So the Hak5 folks have produced complete hash tables for the LM version of the password hash used by Windows and the tables are good for all valid characters that can be used in an LM password for the 1-7 password length. The “1-7 characters” part might make it sound like your hash is safe if its of a password that is 11 characters long, BUT (as you may or may not know) you only need 1-7 length tables to crack 1-14 character length LM password hashes because of errm . . . well . . . a weakness in the way the LM hash is computed that allows one to attack the hash by breaking it into its two 7 character chunks . . . (each chunk covering up to 7 characters). So I beileve that you can actually use a 1-7 character set of talbes to attack the two halves of the password hash and derive a full 14 character password.
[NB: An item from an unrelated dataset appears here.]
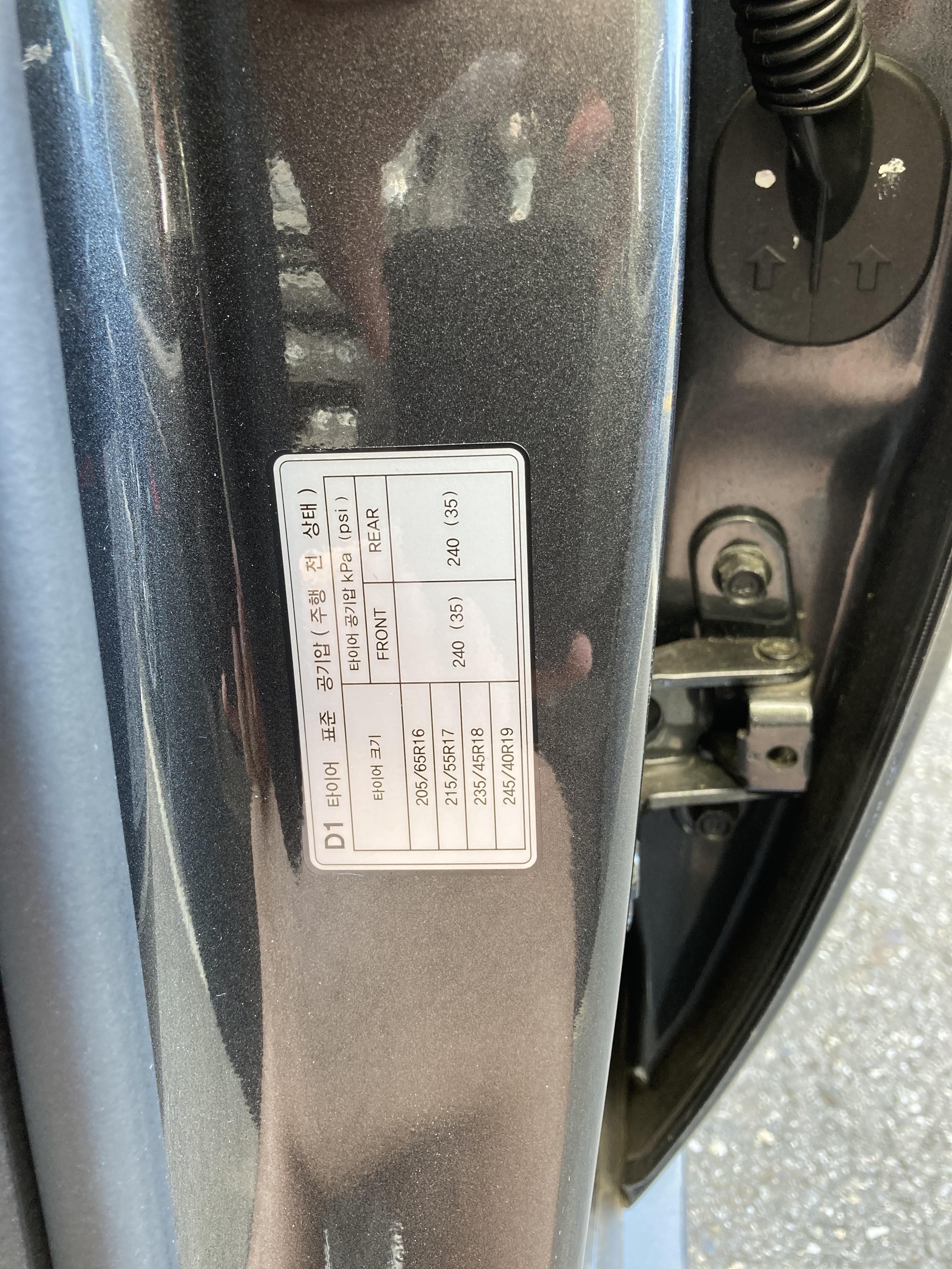 자신이 타고 있는 차량에 얼마만큼의 공기압을 주입해야 할지 모르시겠다구요? 운전석 문짝을 열어보면 아래 사진과 같이 해당 차량의 적정 공기압 정보가 있습니다. 제 차량은 소나타 센슈어스 모델인데 전/후 타이어 모두 35 psi 입니다. 타이어 공기압은 주행 후 측정하면 타이어 내부 공기가 팽창돼 높게 나올 수 있기 때문에 반드시 주행 전 측정하세요.

So is this “big news”? Well . . . not really . . . and sort of. 🙂 Pre-computed hash tables for various types of hashes have been available both as a web service and for sale on DVD’s for quite some time from places like this. You have to obviously pay to play with those hash tables and they are largely incomplete (for the NT hashes) . . . but the complete LM hash rainbow table has been available for sale for a while but this is the first one I’ve seen that is both complete and free – so in that sense – its somewhat newsworthy on a slow news week. 🙂
Do folks really need another reason to disable the storage of the LM hash these days?